> [Assignment]: Set every record down again exactly. Do not carry over the pictures.

........

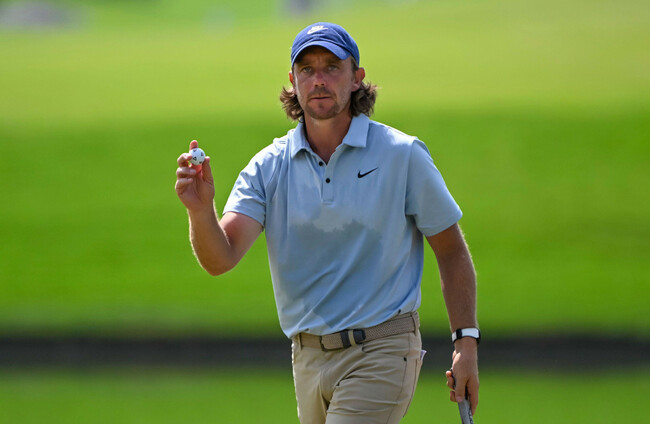 Meanwhile, any of his Fleetwood’s other putative challengers faded, with Scottie Scheffler and Keegan Bradley both going into the water on the treacherous, par-three 15th to make double-bogey and end their challenge.
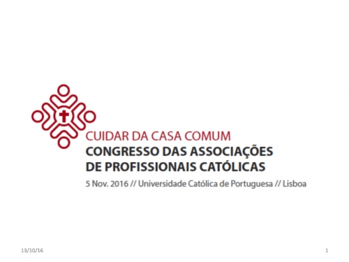 Refletir, à luz da encíclica Laudato Si, sobre ‘Que tipo de mundo queremos deixar a quem nos vai suceder?’ e promover o conhecimento e potenciar a ação, individual e conjunta, das associações profissionais católicas da Diocese de Lisboa são os dois objetivos do Congresso das Associações Profissionais Católicas, que é aberto a todos os profissionais católicos da diocese, embora seja especialmente dirigido aos membros das associações que promovem o congresso (Ação Católica Rural, Associação Católica dos Enfermeiros e Profissionais de Saúde, Associação Cristã dos Empresários e Gestores de Empresas, Associação de Professores Católicos, Associação dos Arquitetos Católicos, Associação dos Assistentes Sociais Católicos, Associação dos Farmacêuticos Católicos, Associação dos Juristas Católicos, Associação dos Psicólogos Católicos, Associação Portuguesa dos Médicos Católicos, Juventude Operária Católica - JOC e Liga Operária Católica - LOC).
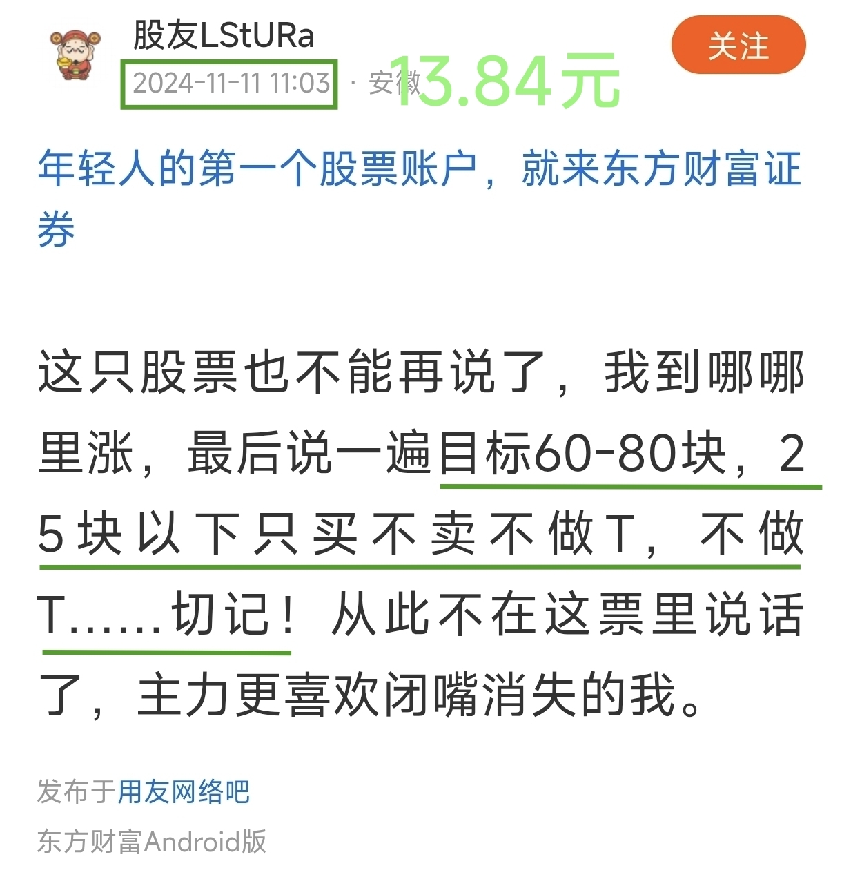 二,忽悠目标60-80块,25块以下只买不卖不做T,不做T~
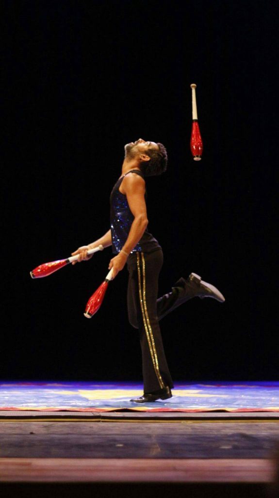 É especialista em malabarismo e equilibrismo, incluindo monociclo, escada livre, perna de pau, bola de equilíbrio e rola-rola. Como músico, ele também pode usar sua habilidade com instrumentos musicais para complementar suas apresentações circenses.
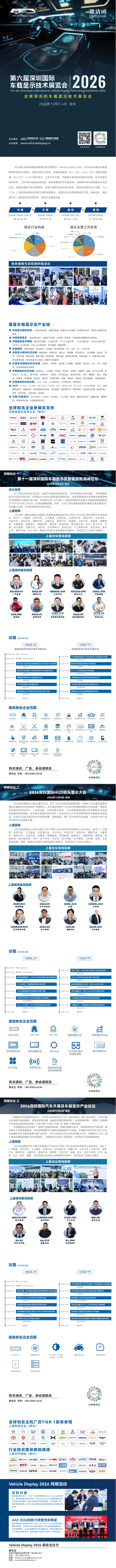 2026第六届深圳国际车载显示技术展览会(Vehicle Display 2026)作为全球车载显示垂直领域的领先B2B展会,持续引领行业风向。本届展会聚焦 Mini LED、Micro LED 深度应用拓展,AR-HUD、P-HUD技术迭代,以及汽车天幕、车窗显示等创新领域前沿成果,全方位展示材料革新、工艺升级与智造设备突破,呈现车载显示产业链全景。同期举办多场高规格技术交流论坛,涵盖车载显示各关键领域,还精心组织专场采购对接会,精准定向邀约车企高管、Tier 1/Tier 2 供应链决策层及资深工程师深度参与,为国内外企业搭建集技术交流、商务合作、新品展示于一体的综合性高端平台,推动产业蓬勃发展。
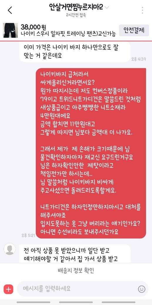 아무리 돈 거래가 아니라고 해도 엄연히 상품이 오고가는 교환거래인데, 옷 상태를 확인도 없이 보냈다고 느껴져서
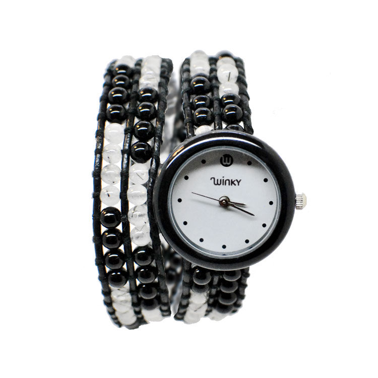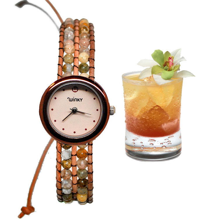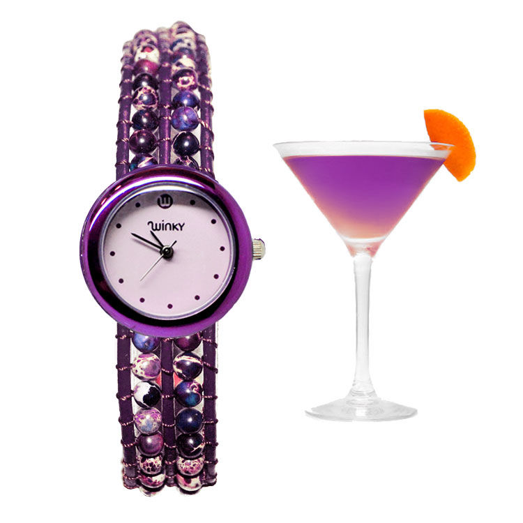 Winky Design's "On the Rocks" bracelet watch collection is a great combination of elegance and style. Each watch features precious stones hand-woven through genuine leather bracelets to create a unique design that reflects the cooling cocktail from which it takes its name. The watches are all water resistant with high-quality Japanese quartz movement, and the collection comes in three styles: Single Wrap Watch, Double Wrap Watch, and 5-Layer Bracelet. With refreshing flavors like the Caribbean Seabreeze and the Purple Haze, it's happy hour, every hour when you've got one of these on your wrist!
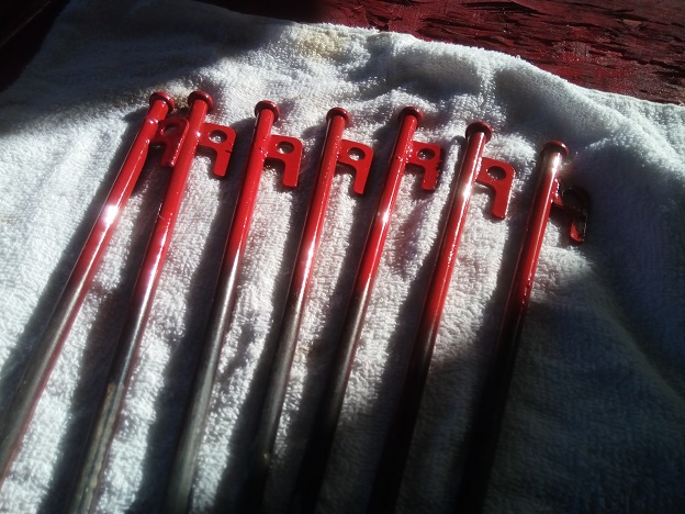 キャンプに備えて、ペグの可視性を良くする意味で色付けしてみました。

........

> [Your response]:
 Meanwhile, any of his Fleetwood’s other putative challengers faded, with Scottie Scheffler and Keegan Bradley both going into the water on the treacherous, par-three 15th to make double-bogey and end their challenge.
 Refletir, à luz da encíclica Laudato Si, sobre ‘Que tipo de mundo queremos deixar a quem nos vai suceder?’ e promover o conhecimento e potenciar a ação, individual e conjunta, das associações profissionais católicas da Diocese de Lisboa são os dois objetivos do Congresso das Associações Profissionais Católicas, que é aberto a todos os profissionais católicos da diocese, embora seja especialmente dirigido aos membros das associações que promovem o congresso (Ação Católica Rural, Associação Católica dos Enfermeiros e Profissionais de Saúde, Associação Cristã dos Empresários e Gestores de Empresas, Associação de Professores Católicos, Associação dos Arquitetos Católicos, Associação dos Assistentes Sociais Católicos, Associação dos Farmacêuticos Católicos, Associação dos Juristas Católicos, Associação dos Psicólogos Católicos, Associação Portuguesa dos Médicos Católicos, Juventude Operária Católica - JOC e Liga Operária Católica - LOC).
 二,忽悠目标60-80块,25块以下只买不卖不做T,不做T~
 É especialista em malabarismo e equilibrismo, incluindo monociclo, escada livre, perna de pau, bola de equilíbrio e rola-rola. Como músico, ele também pode usar sua habilidade com instrumentos musicais para complementar suas apresentações circenses.
 2026第六届深圳国际车载显示技术展览会(Vehicle Display 2026)作为全球车载显示垂直领域的领先B2B展会,持续引领行业风向。本届展会聚焦 Mini LED、Micro LED 深度应用拓展,AR-HUD、P-HUD技术迭代,以及汽车天幕、车窗显示等创新领域前沿成果,全方位展示材料革新、工艺升级与智造设备突破,呈现车载显示产业链全景。同期举办多场高规格技术交流论坛,涵盖车载显示各关键领域,还精心组织专场采购对接会,精准定向邀约车企高管、Tier 1/Tier 2 供应链决策层及资深工程师深度参与,为国内外企业搭建集技术交流、商务合作、新品展示于一体的综合性高端平台,推动产业蓬勃发展。
 아무리 돈 거래가 아니라고 해도 엄연히 상품이 오고가는 교환거래인데, 옷 상태를 확인도 없이 보냈다고 느껴져서
 Winky Design's "On the Rocks" bracelet watch collection is a great combination of elegance and style. Each watch features precious stones hand-woven through genuine leather bracelets to create a unique design that reflects the cooling cocktail from which it takes its name. The watches are all water resistant with high-quality Japanese quartz movement, and the collection comes in three styles: Single Wrap Watch, Double Wrap Watch, and 5-Layer Bracelet. With refreshing flavors like the Caribbean Seabreeze and the Purple Haze, it's happy hour, every hour when you've got one of these on your wrist!
 キャンプに備えて、ペグの可視性を良くする意味で色付けしてみました。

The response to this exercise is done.